5 thoughts on “What you’re doing when you simply call it “Charlottesville””

  1. Connie ROSENBAUM says:

    U ARE ONE VERY STRONG YOUNG LADY THAT I RESPECT. I ALSO HOPE U GOT A CHECK FOR DOING THE MAN’S JOB AT THE MEETING AT THE HIGH SCHOOL. GREAT WORK. I LIKE EVERYTHING U WRITE. U ARE GOIN TO GO FAR IN YOUR LIFE. STAND STRONG.

  2. Olivia says:

    While I think this is a valid and valuable argument, I think it irresponsibly leaves the people of Charlottesville and all that Charlottesville stands for innocent in the events of this summer. Charlottesville has spent decades pushing black people out of its town, it has spent decades oppressing extremely low income people, it has spent decades sending its black children to grow up in prison, it has spent centuries upholding many of the values of the the white supremacists who marched here on A12. While, of course, this city is multifaceted, the current still flows strongly in favor of white, wealthy, educated people, and neglects the voices, the health, and the lives of black, brown, and poor people. It has flouted its many accolades exclaiming to the world that it is indeed the “Best Small Town to Raise A Family” while simultaneously letting the black birth rate plummet next door to one of the “Top Hospitals in the Country.” With regard to A12, we have replayed over and over how profoundly the city’s administration failed black people and those who chose to stand in solidarity with them on that terrible day.

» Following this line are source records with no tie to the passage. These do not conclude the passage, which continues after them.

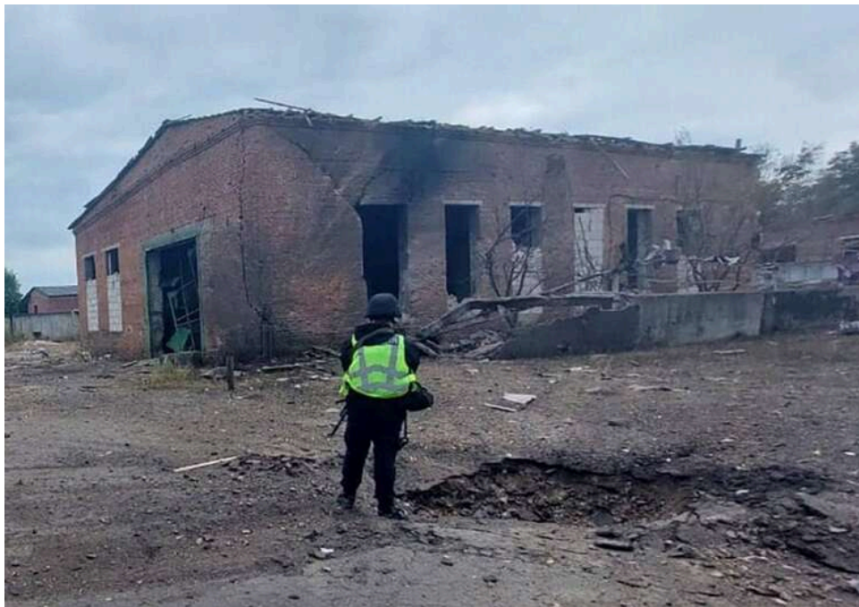
Росія знову атакувала Запоріжжя: є поранені серед мирного населення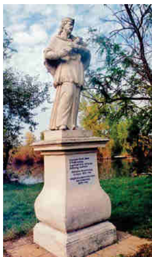
Nepomuki Szt János szobra a horgásztónál (2009)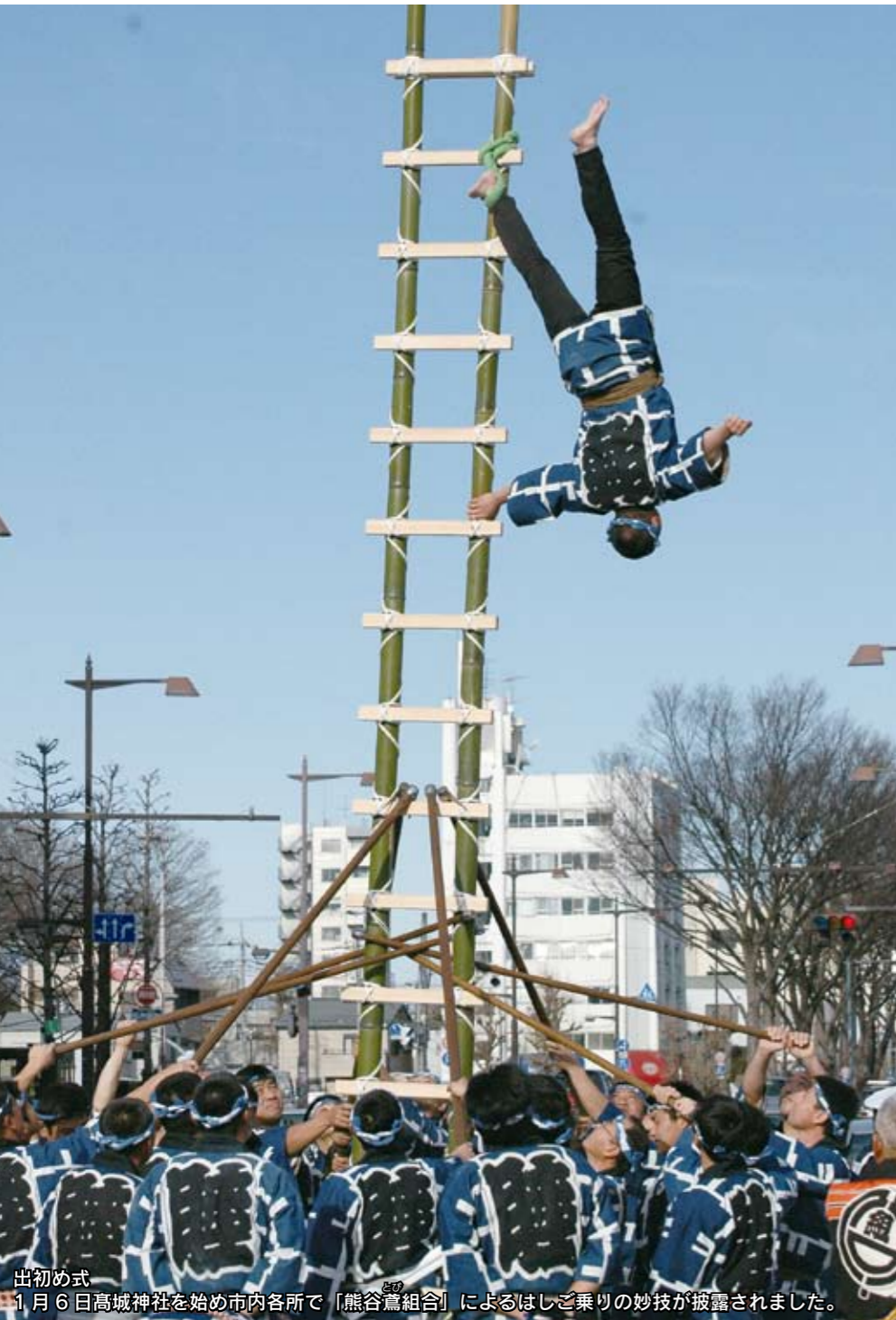
出初め式 1月6日高城神社を始め市内各所で「熊谷鷲組」によるはしご乗りの妙技が披露されました。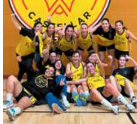
La victòria, l'estat natural del femení.

Quarta victòria consecutiva per al femení 53-43 contra el CB Santpedor. Les de Xavi Revilla van ser superiors després d'una ajustada arrencada al primer quart, en què van caure per 7-8. Després es van emportar tots els parcials, van arribar 21-20 al descans i van noquejar les rivals en la segona part. L'equip continua escalant posicions i ja estan situades en la sisena plaça.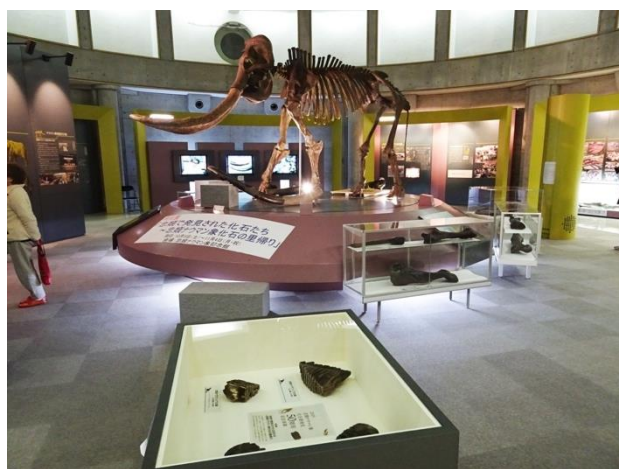
写真6 特別展の様子

また、これからも子ども達を含めた地域全体が忠類ナウマン象と共に歩んで行けるような企画が必要と思い、忠類小学校と札幌市円山動物園に協力を依頼し「かぼちゃプロジェクト」を始動しました。同園では、普段から動物達の糞を元に堆肥を作っており、近隣の小学校や児童会館へ提供して野菜栽培に活用してもらっていました。そこで、その堆肥を使って忠類小学校の学校農園でかぼちゃを育て、動物園のゾウへプレゼントすることにしたのです。当時の円山動物園は11年振りにアジアゾウを導入し、一般公開を間近に控えていた時でした。現代と古代のゾウがつないだ、忠類地域ならではの企画です。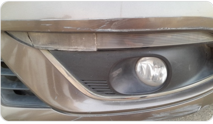
كشافات إشاره أمامي : كسر بالباغة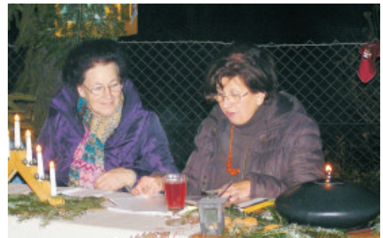
Spielberger Advent 2009

    As far as I’m concerned “Charlottesville” deserves to be synonymous with all that its morally bankrupt culture and all that it culminated into that day. Sure, most of those people weren’t from around here, and yes, people need to recognize the white supremacy they swim in everyday outside of this town, Charlottesville was the safe, strategically chosen meeting area for a reason. And while, yes, the struggle has been here, and continues, and the mere act of paying attention is more than most of us have done in the past, I think it’s time to do the actual work of not making “Charlottesville” synonymous with its foundation of white supremacy. It’s time to stand against the developers and administration in abusing our neighbors in affordable housing communities. It’s time to stand against the police who’ve stopped and frisked our black neighbors 3 to 1 over our white ones. It’s time to stand against a judicial system that allows a black woman to go to jail for being raped by a police officer. It’s time to stand against a school system that funnels white kids to Ivy Leagues and pushes black kids through without the ability to read well or do basic math in the name of increasing graduation rates. It’s time to stand against the illusion that Charlottesville is at its core this beautiful, progressive town, innovative town and maybe at that point we can actually stand for something.

    1. Mimi Arbeit
      Mimi Arbeit says:

      Thank you for this comment. I completely agree.

  3. Dianne Deming Bearinger says:

    Thank you Mimi! This is perfect. I have been thinking the same thing, but couldn’t put into words the way you did.